- _Dataset entries_:

·····

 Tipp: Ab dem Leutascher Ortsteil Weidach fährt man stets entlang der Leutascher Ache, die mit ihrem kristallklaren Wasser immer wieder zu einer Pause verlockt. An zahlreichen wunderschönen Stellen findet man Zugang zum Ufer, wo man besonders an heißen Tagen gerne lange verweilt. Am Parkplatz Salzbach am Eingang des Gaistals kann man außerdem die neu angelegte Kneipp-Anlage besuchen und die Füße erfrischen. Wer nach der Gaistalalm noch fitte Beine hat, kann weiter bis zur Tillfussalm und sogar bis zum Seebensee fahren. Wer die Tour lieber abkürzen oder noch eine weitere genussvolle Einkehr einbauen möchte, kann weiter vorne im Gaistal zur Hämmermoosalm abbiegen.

·····

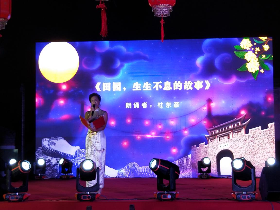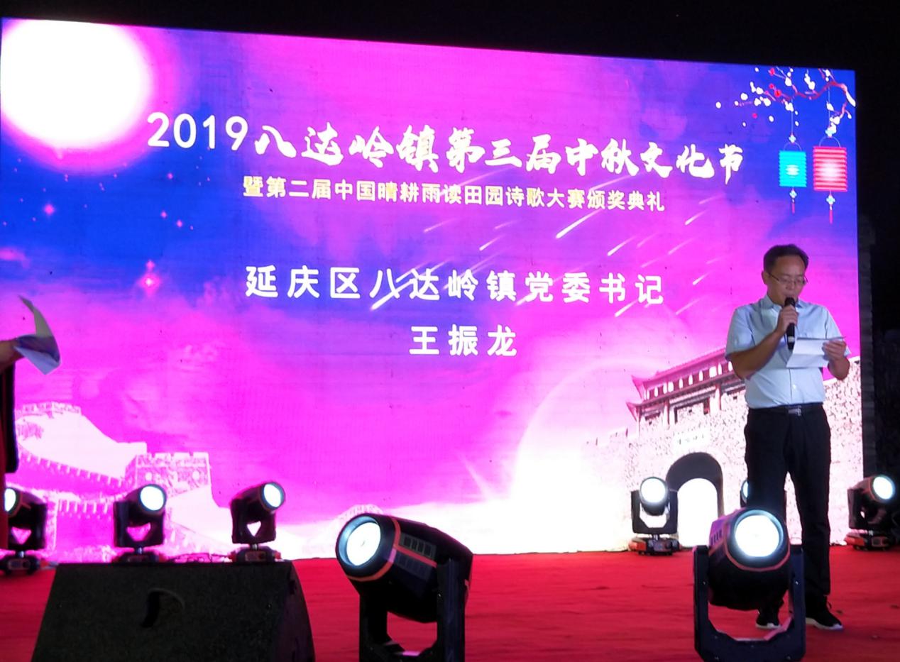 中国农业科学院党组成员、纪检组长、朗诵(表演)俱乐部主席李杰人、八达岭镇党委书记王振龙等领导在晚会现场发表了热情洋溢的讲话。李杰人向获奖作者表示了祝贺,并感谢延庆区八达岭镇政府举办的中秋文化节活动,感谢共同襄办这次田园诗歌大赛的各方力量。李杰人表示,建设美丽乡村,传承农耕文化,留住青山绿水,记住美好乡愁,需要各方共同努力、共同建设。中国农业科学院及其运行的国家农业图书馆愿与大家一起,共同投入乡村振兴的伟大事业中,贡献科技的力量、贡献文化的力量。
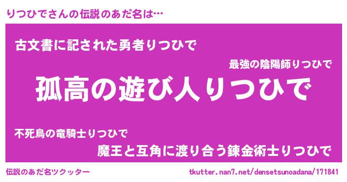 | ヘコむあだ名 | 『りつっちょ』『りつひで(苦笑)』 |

·····

- _Your instructions_: With the pictures omitted, print the lines above exactly, beginning at the line with "中国农业科学院党组成员、纪检" and going on through the line with "ヘコむあだ名 | 『りつっちょ』『りつひで(苦笑)』 |".

- _Task answer_:
 中国农业科学院党组成员、纪检组长、朗诵(表演)俱乐部主席李杰人、八达岭镇党委书记王振龙等领导在晚会现场发表了热情洋溢的讲话。李杰人向获奖作者表示了祝贺,并感谢延庆区八达岭镇政府举办的中秋文化节活动,感谢共同襄办这次田园诗歌大赛的各方力量。李杰人表示,建设美丽乡村,传承农耕文化,留住青山绿水,记住美好乡愁,需要各方共同努力、共同建设。中国农业科学院及其运行的国家农业图书馆愿与大家一起,共同投入乡村振兴的伟大事业中,贡献科技的力量、贡献文化的力量。
 | ヘコむあだ名 | 『りつっちょ』『りつひで(苦笑)』 |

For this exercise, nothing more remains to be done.